Pour ceux qui ne connaissent pas le groupe, on a affaire à un quatuor japonais qui exprime dans chaque chanson sa passion pour les serial killers. Oui oui. Le décor est planté et, fidèle à sa réputation, COM délivre un set psychédélique et dingue, dans tous les sens du terme.

Les pionniers

J’aurais pu ensuite aller voir Solstafir, mais soyons honnête : l’attraction de la journée, c’était Hollywood Vampires. Un nom putassier pour un line-up tout aussi indécent (pour rappel : combo de Alice Cooper, Johnny Depp et Joe Perry) et qui préfigure un dégueulis de kitch. Formé à l’origine pour honorer la mémoire des grands pontes du rock aujourd’hui décédés, Hollywood Vampires honore le contrat et balance une avalanche de tubes des années 70, ponctuée de quelques compositions pas du tout mémorable. Le public vieillissant du Hellfest est pourtant ravi, on est dans un karaoké géant niveau +++ et au final, on s’amuse plutôt pas mal. Rien de transcendant, mais un très bon moment où personne ne se prend la tête. Depp, un peu le wanted man du set, reste sobre et à l’écart, presque humble face aux monuments qui l’entourent. Petit moment de gloire quand le monsieur s’approche pour entonner Heroes de David Bowie, mais ce sera la seule mise en avant du monsieur.

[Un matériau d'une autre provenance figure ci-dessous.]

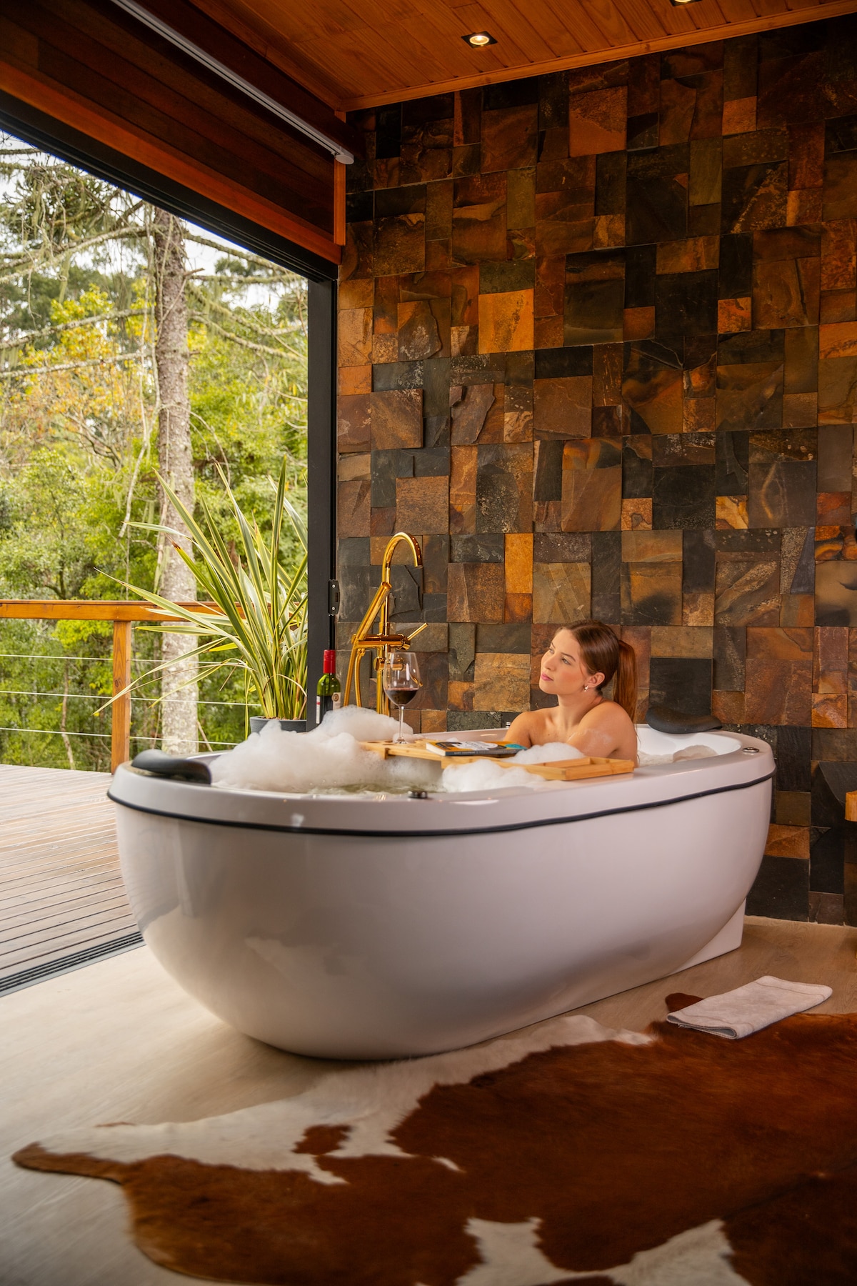 Fuja do mundo a dois em nossa cabana romântica na Serra. Um refúgio privativo com lareira dupla, cozinha equipada e banheira de hidromassagem. Totalmente automatizada pela Alexa, oferece ainda Smart TV, Wi-Fi, ar-condicionado e enxoval premium. Em meio ao silêncio e à natureza, viva momentos inesquecíveis com conforto e praticidade.

Le reste de la scène, c’est Alice Cooper qui l’investit à grands coups de canne, et franchement, il fait le show.

Malgré tout l’amour que j’ai pour Corey Taylor, je décide de faire l’impasse sur Stone Sour et me dirige vers EYEHATEGOD que beaucoup d’amis me conseillent.
Faisant partie de l’élite des papas du sludge, le groupe ne failli pas à sa réputation et littéralement retourné la Valley comme peu de groupes sont capable de le faire. Certains les diront vieillissant et dépassés, mais globalement, on passe un très très bon moment.

On termine cette journée revival par Bad Religion. Pour avoir vu le groupe plusieurs fois sur scène, je sais que je n’aurais pas droit à un show historique, néanmoins BR fait toujours le taff avec sourire et énergie. Une bonne petite fin de soirée punk-à-roulettes où les tubes (21st Century (Digital Boy), American Jesus, You pour ne citer qu’eux) font toujours mouche et entrainent une foule visiblement ravie de retrouver ces papas du punk.

Ainsi se termine cette première journée qui, sans avoir été sensationnelle et sentant un peu le vieux grenier, aura été parsemée de bonnes surprises. Mais nous sommes d’accord : la vraie journée, elle est demain.